Below are the records; repeat exactly their lines between the line holding "Je vends un" and the line holding "(吉隆坡17日讯)陆路交通局", inclusive, skipping the pictures.

'''

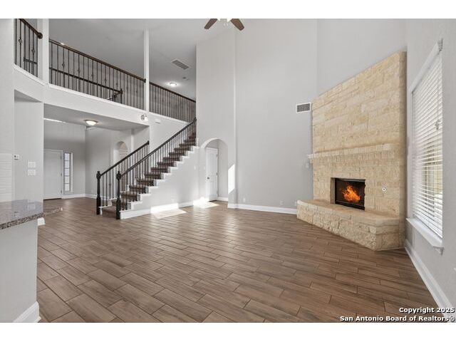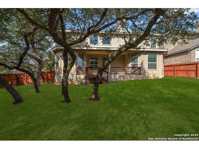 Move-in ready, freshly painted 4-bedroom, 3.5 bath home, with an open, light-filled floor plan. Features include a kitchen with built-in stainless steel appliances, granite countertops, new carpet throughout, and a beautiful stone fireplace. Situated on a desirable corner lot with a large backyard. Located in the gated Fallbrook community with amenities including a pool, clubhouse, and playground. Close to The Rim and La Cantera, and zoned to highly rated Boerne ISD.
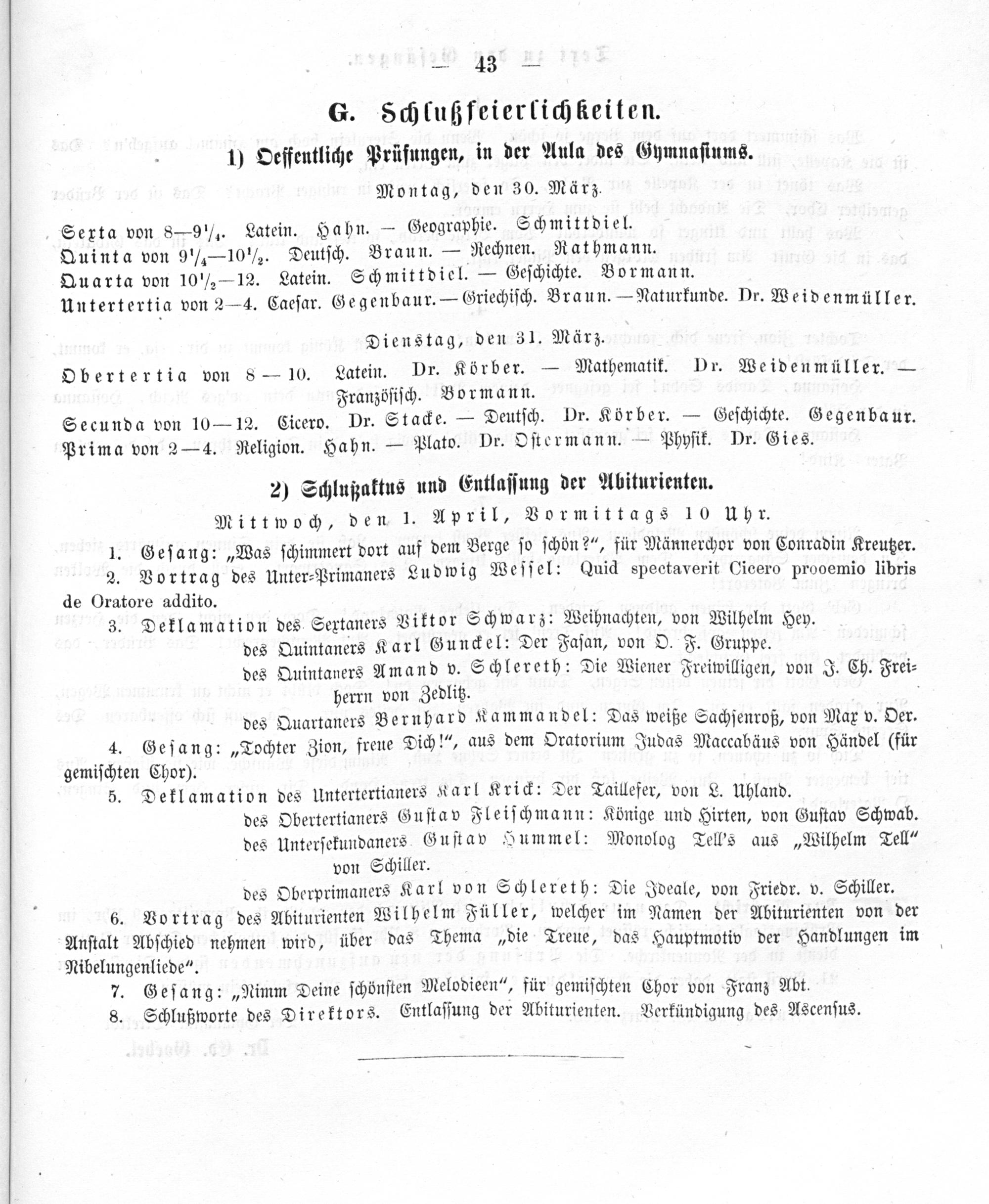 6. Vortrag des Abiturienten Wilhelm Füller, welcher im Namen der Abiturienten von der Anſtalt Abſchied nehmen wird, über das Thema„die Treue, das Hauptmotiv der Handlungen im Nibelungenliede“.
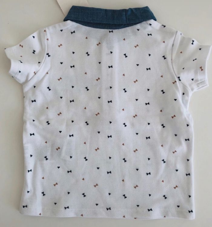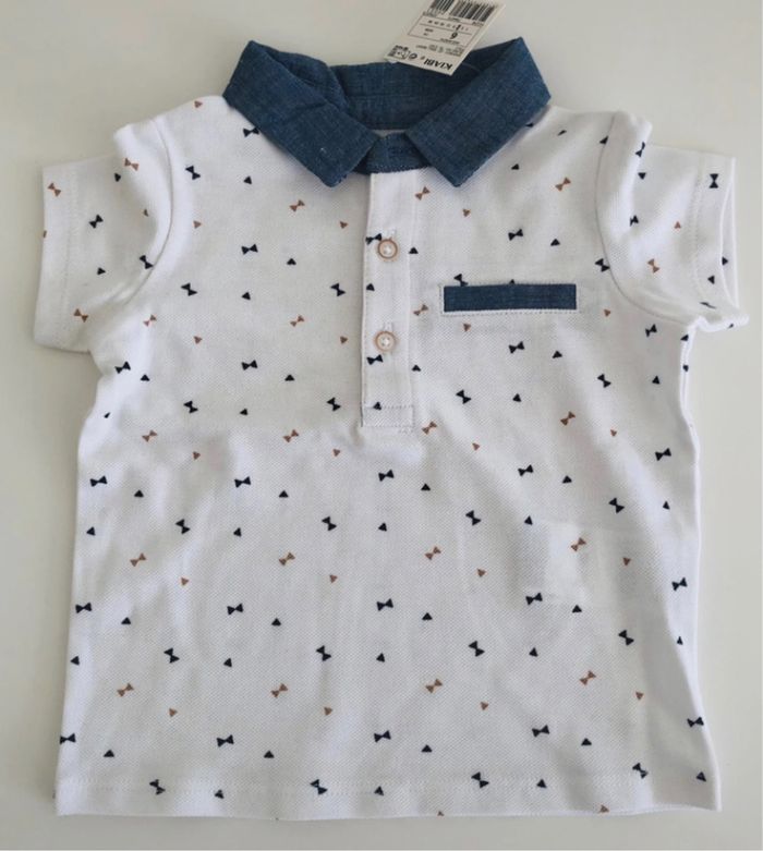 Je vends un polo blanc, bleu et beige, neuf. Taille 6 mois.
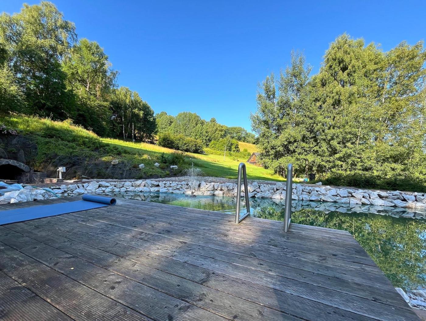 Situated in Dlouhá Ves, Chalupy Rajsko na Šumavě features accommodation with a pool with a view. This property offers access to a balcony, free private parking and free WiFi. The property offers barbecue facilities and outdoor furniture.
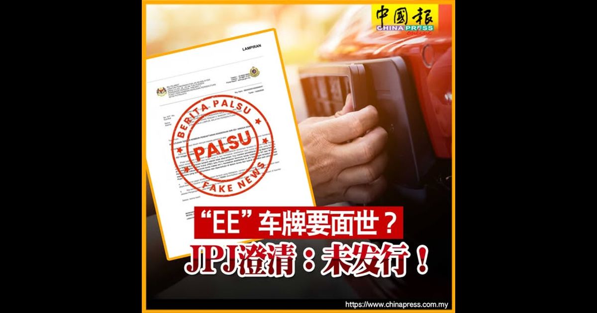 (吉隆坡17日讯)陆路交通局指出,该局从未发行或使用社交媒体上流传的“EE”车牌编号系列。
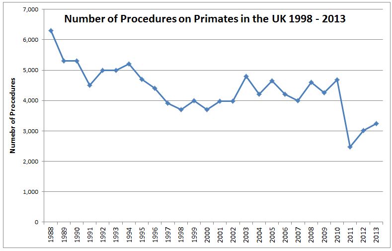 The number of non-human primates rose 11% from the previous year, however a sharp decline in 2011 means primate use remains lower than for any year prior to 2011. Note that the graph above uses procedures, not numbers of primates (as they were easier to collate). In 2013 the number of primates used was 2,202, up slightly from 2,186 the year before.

'''

▸ Task response:
 Je vends un polo blanc, bleu et beige, neuf. Taille 6 mois.
 Situated in Dlouhá Ves, Chalupy Rajsko na Šumavě features accommodation with a pool with a view. This property offers access to a balcony, free private parking and free WiFi. The property offers barbecue facilities and outdoor furniture.
 (吉隆坡17日讯)陆路交通局指出,该局从未发行或使用社交媒体上流传的“EE”车牌编号系列。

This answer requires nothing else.